Хочу предложить любителям театра и кино маленький «психологический практикум». В этом году я трижды видела «Чайку»: «классический» фильм по телевизору и спектакли в двух театрах. Если фильм оставил в общем добротное впечатление нормальной, честной экранизации, из общего уровня выделилась и запомнилась, пожалуй, более всего А. Демидова Аркадина, да тревожной занозой остались уж слишком мертвые глаза Тригорина Ю. Яковлева, то впечатления от театров диаметрально противоположны.
В одном театре поражала свежесть прочтения. Казалось бы, в этой пьесе, наизусть знакомой со школьных лет, где только не игранной вплоть до балета, как можно сделать какие-то открытия?

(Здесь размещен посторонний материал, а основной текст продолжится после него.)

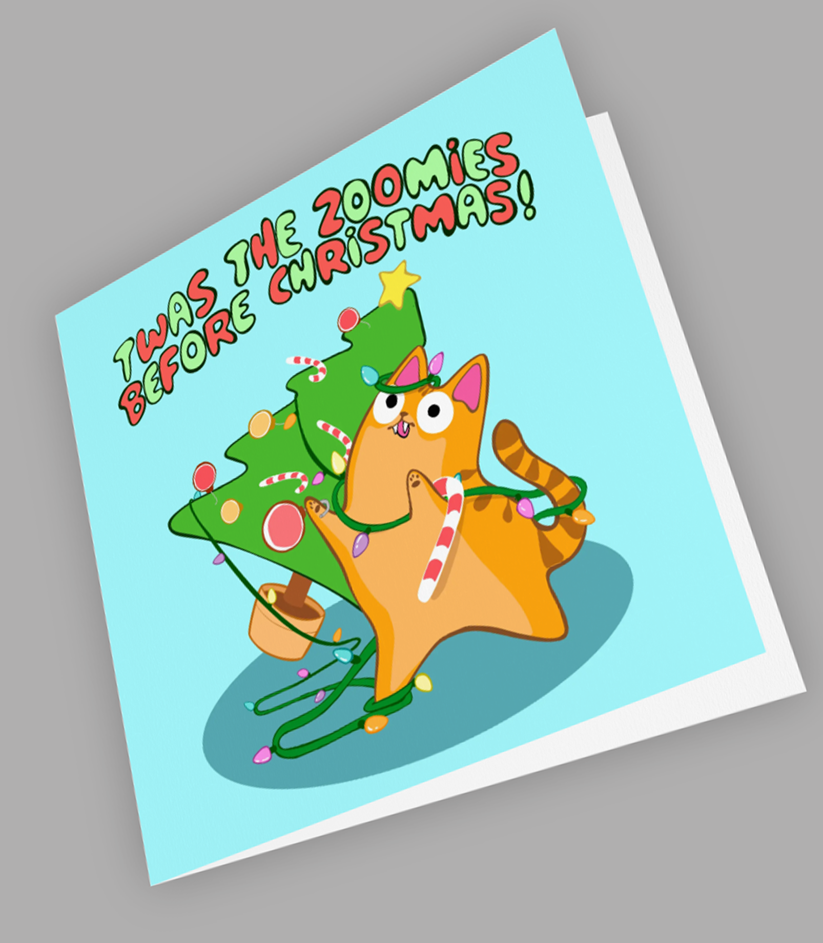 Twas the Zoomies Before Christmas Orange Cat Christmas Card

Оказалось можно! Никогда не звучал такой болью рассказ Треплева о том, что стало за минувшие два года с Ниной Заречной. Как горько, тяжело дается ему каждое слово, как его ранит все, что сломалось в ее жизни на сцене, с ребенком, с Тригориным...
Меж тем в другом театре звучит проброшенная беглая скороговорка, словно рупор от автора просто через первого попавшегося героя выдает вернувшемуся из дальних краев Дорну, а заодно и нам, зрителям, информацию, скупой отчет за пропущенное время. В этом театре столь же безлично, безадресно звучит рассказ Маши в начале III действия о ее решении: выйти замуж, чтобы вырвать из сердца любовь к Треплеву. Слова ее падают в пустоту, а то, что тут присутствует Тригорин и даже подает кое-какие реплики, значит не больше, чем присутствие на сцене стола или стула.

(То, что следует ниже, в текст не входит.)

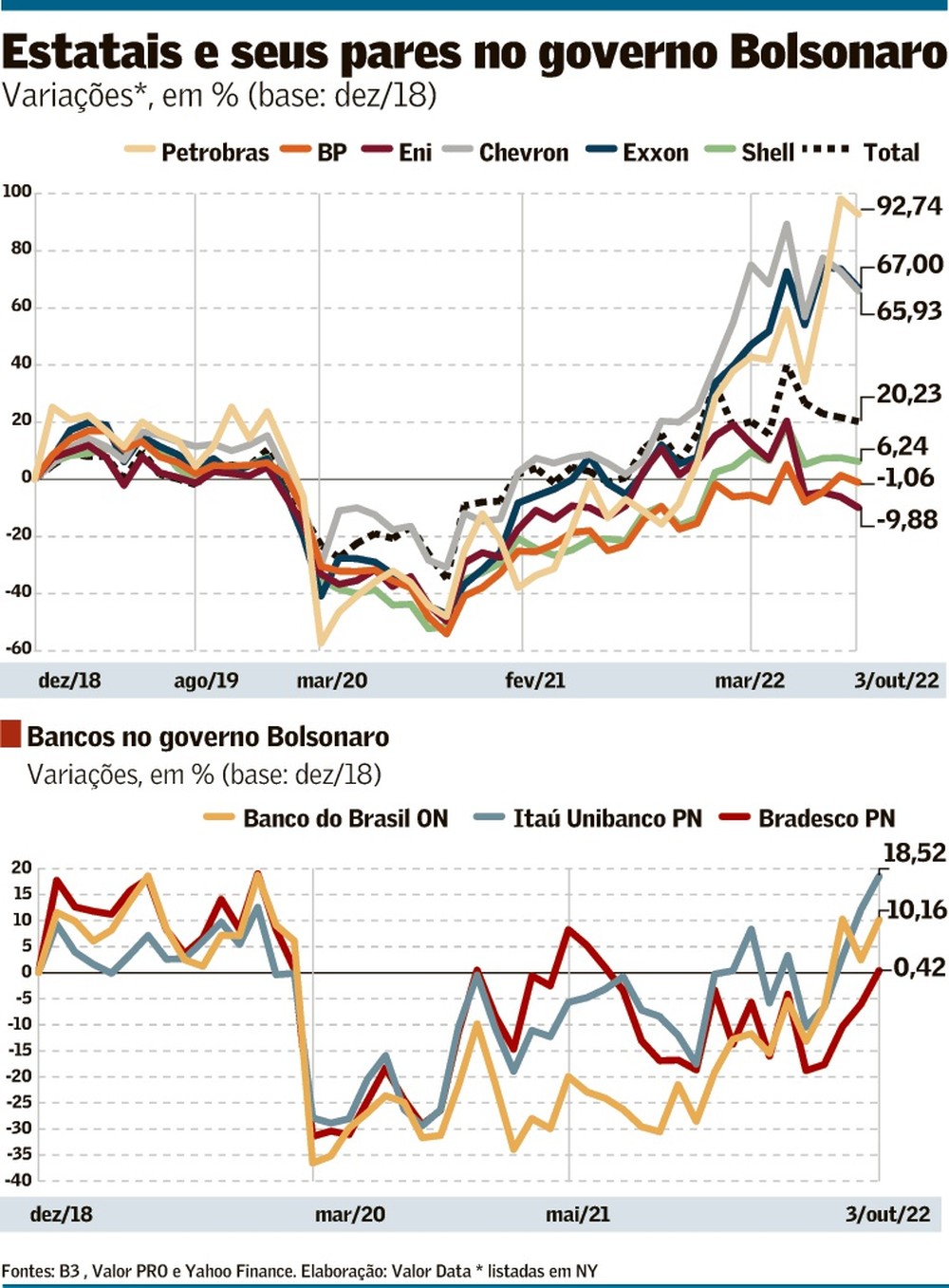 Entre os papéis da “cesta Bolsonaro” se destacaram Petrobras e Banco do Brasil. As ações preferenciais da petrolífera subiram 7,99% e as ordinárias, 8,63%. Já os papéis do banco público avançaram 7,63%, ganho maior do que o das instituições financeiras privadas. No ano, as empresas também têm performance semelhante ou até superior aos seus pares, mesmo após turbulências com a atual gestão federal.

И поэтому так поражает найденное первым театром: на сцене два человека, которые общаются друг с другом! Вдруг понимаешь, что все же Тригорин настоящий писатель! Ему интересен человек. Вот этот, с которым он сейчас говорит. Тригорин весь нацелен, направлен на него. Потому что настоящий писатель и должен быть жаден до людей, обращен к ним. И именно поэтому человек ему раскрывается, именно потому хочется «высказать себя», потому так откровенно исповедуется Маша. А он весь устремлен к ней, впитывает ее душу и, надо думать, не только потому, что это тоже где-то пригодится в рассказе, но потому, что это воздух и хлеб писателя узнать, понять, постичь людей. Неожиданно? Да. Но ведь не зря же Треплев признает, что Тригорин мастер, и не зря есть теории, что Чехов отдал ему и капельку своего писательского «я». Можно сказать, что трактовка не бесспорная, но зато она снимает налет привычности, заставляет взглянуть на этих людей не как на знакомые до оскомины «типы», а «свежими очами».

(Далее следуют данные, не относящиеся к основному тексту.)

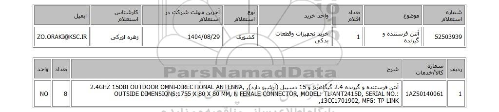 تلفن:5- 88349670 (021) فکس: 88349673 (021) Website: www.ParsNamadData.com E-mail: Info@ParsNamadData.com استعلام آنتن فرستنده و گیرنده

Да, первый театр утверждает: Тригорин настоящий писатель. Потому-то в этой постановке становится понятно, за что его полюбила Нина Заречная. Не только же за имя, за славу это оглупляло бы и принижало чеховскую героиню. Нет, было в нем самом, в человеке что-то яркое, высота духа, отсвет искусства, что притянул Нину. Разве не сложнее, не тоньше мысль Чехова, драма Нины, если Тригорин хоть и безвольный человек, все же погубивший ее, не просто этакое округлое ничтожество, выше рыбной ловли ни о чем не помышляющее? Таким он предстает нам во втором театре, и тогда совершенно непонятно, что в нем нашла Нина, и вся драма принижена это только ослепление провинциалки перед громким именем и ничего более. Тогда как в первом театре поразительно ясно: лишь когда рядом оказываются эти двое разговор сразу взлетает над окружающей прозой и пошлостью, именно друг с другом они могут говорить о том, как же творится искусство, и разговор их на несколько уровней выше обычного уровня окружающих это-то и притягивает Нину. И эта трактовка прошла через всю пьесу. Как сумел театр, актер, режиссер услышать и увидеть героя так, словно ни разу прежде не были слышаны его слова? Даже затрепанное, затертое, как ходовой пятак, выражение «сюжет для небольшого рассказа» вдруг омыто от налета привычности. У нас на глазах происходит рождение образа. Перед нами истинный писатель в нем любая мелочь, любая увиденная капля жизни рождает мгновенный отклик, высекает искру, образ творится у нас на глазах, вот сейчас, впервые... А во втором театре это снова проборматывается так, что ощущаешь: это говорят уже чуть не сто лет, это уже тысячные представления, и этот сюжет и эта чайка так навязли в зубах...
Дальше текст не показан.